WFP Magician Ulfat Kabir is using his tricks to teach Bangladeshi children and their families about nutrition and health.
Copyright: WFP/Nathan Sarker
In schools across Bangladesh, WFP is using conjuring tricks to make poor children laugh… and learn about health and nutrition. The new Enter-educate Magic Shows in 100 schools will also dazzle students and their parents with the benefits of school meals.
by Farina Noireet
CHITTAGONG - With a twinkling smile, celebrity magician Ulfat Kabir, flourishes his wand, and hey, presto! a dazzling chain of handkerchiefs appears from the sleeve of his ruby jacket. The classroom audience is entranced; wide eyes in tiny faces follow his every move.
Similar scenes are set to roll out in WFP-supported schools across Bangladesh this year, under the new Enter-educate Magic programme. It involves magic shows using conjuring tricks to raise awareness of the benefits of school meals, to help kids develop healthy behaviour and to deliver nutrition and education messages.
“I want to learn magic too”
At a show in the remote Chittagong Hill Tracks (CHT), the magician makes a bar of soap appear out of nowhere and amid gleeful laughter tells the children about the importance of handwashing for personal hygiene. With another flourish, a pot of water begins to bubble, to tell them how boiling drinking water can prevent disease.
“I’m going to tell my parents that we should all drink boiled water” said Rimon Dutta, 9, a student of class 3, who has two other siblings at home. “And I want to learn magic so that I can show and teach others all the important things I’ve learnt!” he added.
Encourage children to stay in school
The WFP resident magician underlines the benefits of school meals, the importance of nutrition, and the role of education in life.

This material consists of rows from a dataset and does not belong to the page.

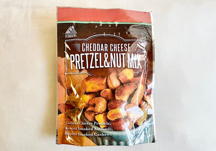 最後にご紹介するのは「ペンバートン チェダーチーズ プレッツェル&ナッツミックス」。チェダーチーズのプレッツェルと、スモーキーに味付けされたナッツがセットになっているアメリカから来たお菓子です。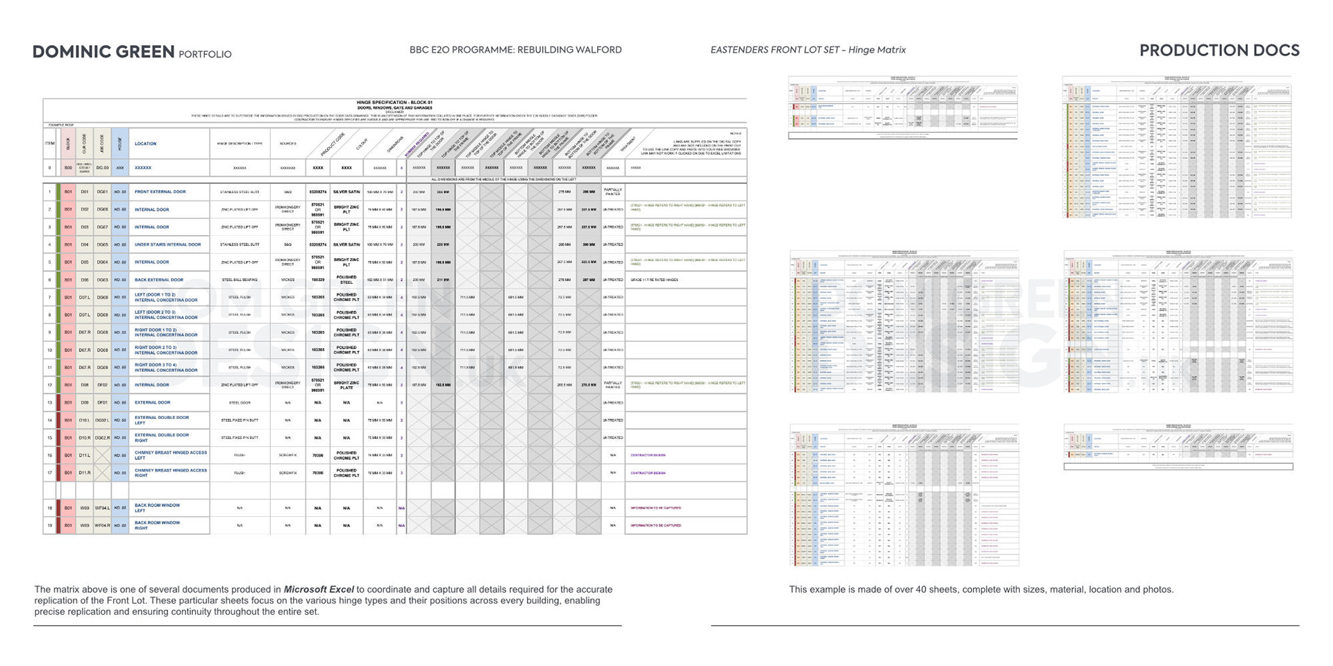 The matrix above is one of several documents produced in Microsoft Excel to coordinate and capture all details required for the accurate replication of the Front Lot. These particular sheets focus on the various hinge types and their positions across every building, enabling precise replication and ensuring continuity throughout the entire set.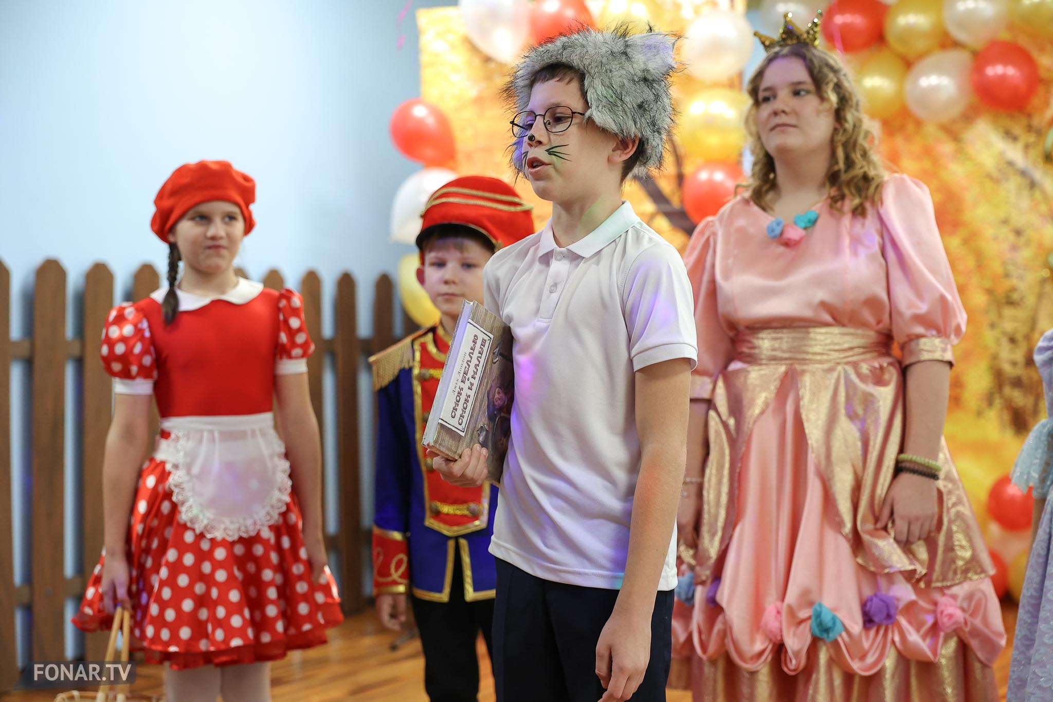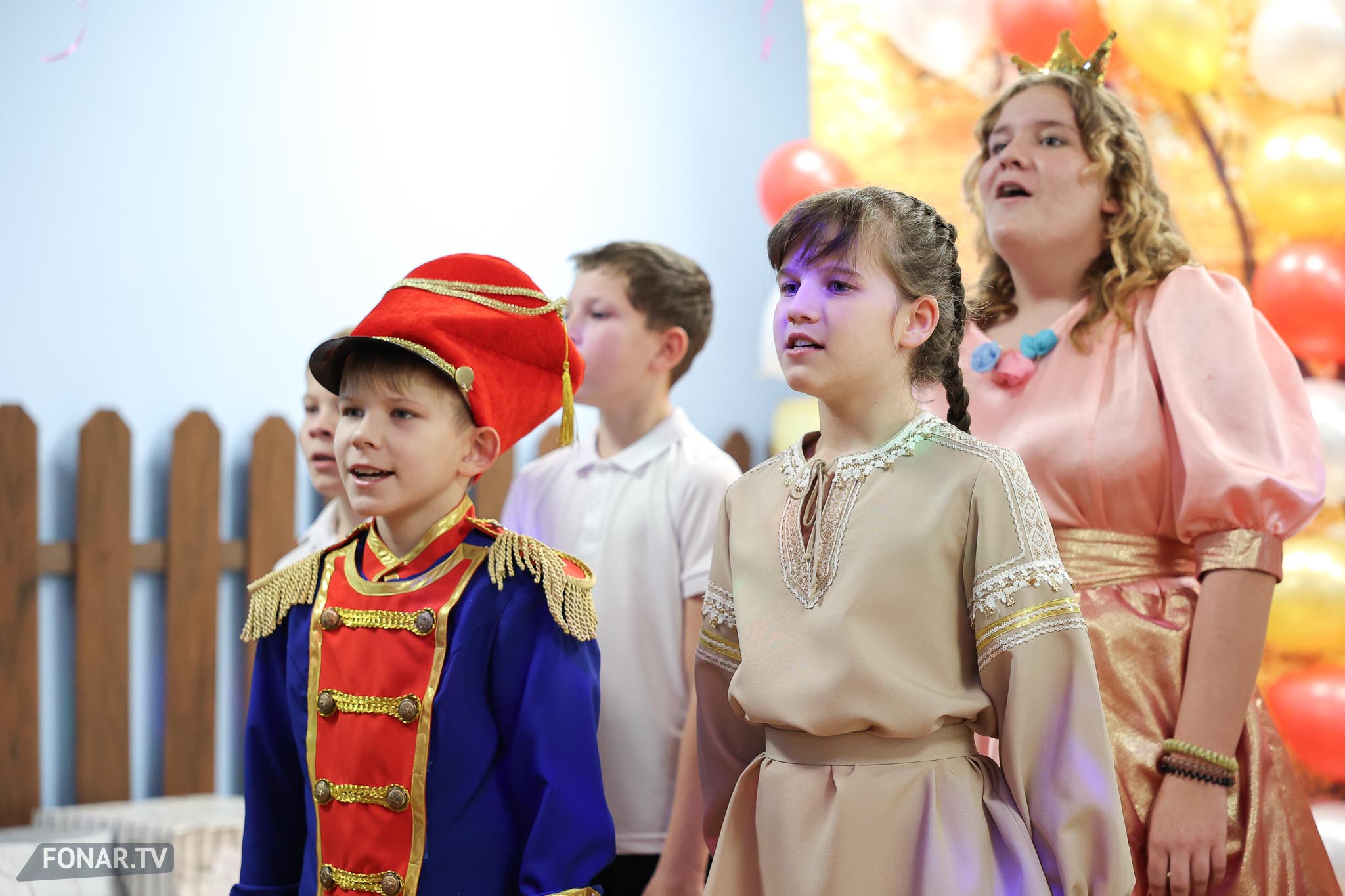 Воспитанники дома детства вместе с наставниками подготовили концерт: был и небольшой спектакль, и музыкальные номера — «Дорога добра» и «Песенка крокодила Гены».

He discusses school feeding and explains how the High Energy Biscuits the youngsters are given at school help reduce short-term hunger, increase concentration and improve learning ability. Through this scheme, WFP aims to boost enrolments and attendance in pre-school and primary education and reduce drop-out rates among families that are extremely poor.

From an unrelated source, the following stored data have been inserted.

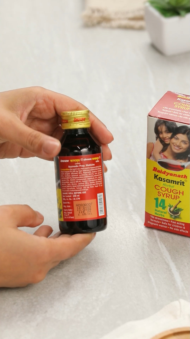 Baidyanath Kasamrit Herbal Cough Syrup acts as an herbal medicine for common cough and cold sneezing running nose nasal congestion and sore throat. It helps relieve itchy scratchy throat and liquifies and expels distressing and irritating cough. Consume 1-2 teaspoons thrice a day or as directed by the physician.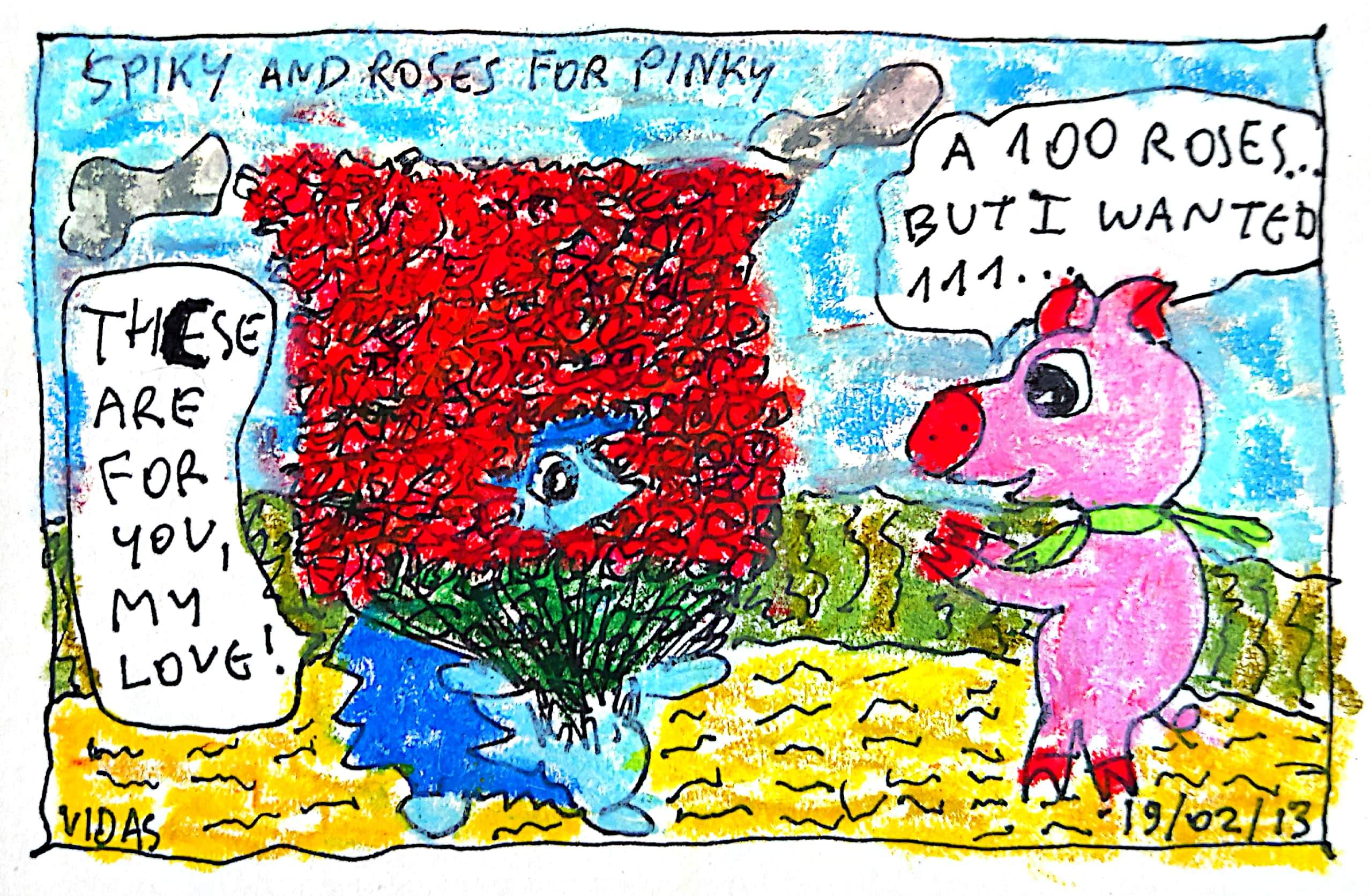 Spiky on Valentine's day wanted to make a surprise for Pinky. He went to animal's market on the city hall square in Browneartopia and looked for red roses. A donkey was selling a whole bunch of them from his cart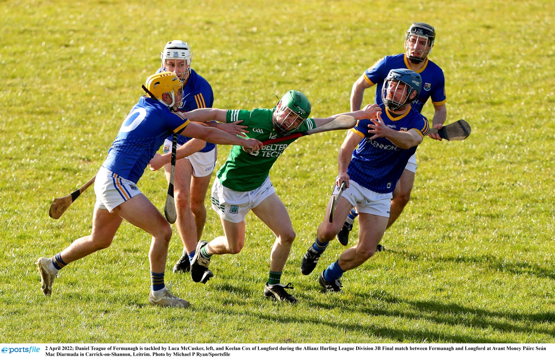 Caption: Daniel Teague of Fermanagh is tackled by Johnny Casey, left, and Keelan Cox of Longford during the Allianz Hurling League Division 3B Final Photo by Michael P Ryan/Sportsfile

Magician moved by response
Magician Ulfat Kabir said he felt the children had brought out some of his best ever performances. “It moves me greatly, when I see the effect my words and actions have on these wonderful, bright children. I am deeply grateful to WFP for giving me this life-altering opportunity,” he said.

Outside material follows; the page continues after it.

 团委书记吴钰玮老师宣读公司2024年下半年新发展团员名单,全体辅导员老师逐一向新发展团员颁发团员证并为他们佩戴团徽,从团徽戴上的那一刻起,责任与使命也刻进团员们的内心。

“These magic shows, talking about personal hygiene and social skills in an entertaining way, help us to reinforce and instil positive health behaviour,” said the head of the school, Parul Rani Sikder.
After a successful pilot scheme in 2009, WFP teamed up with The Kazi Shakil Foundation (KSF), to implement the Magic scheme. In 2010, the scheme will cover around 30,000 children in 100 schools across the country.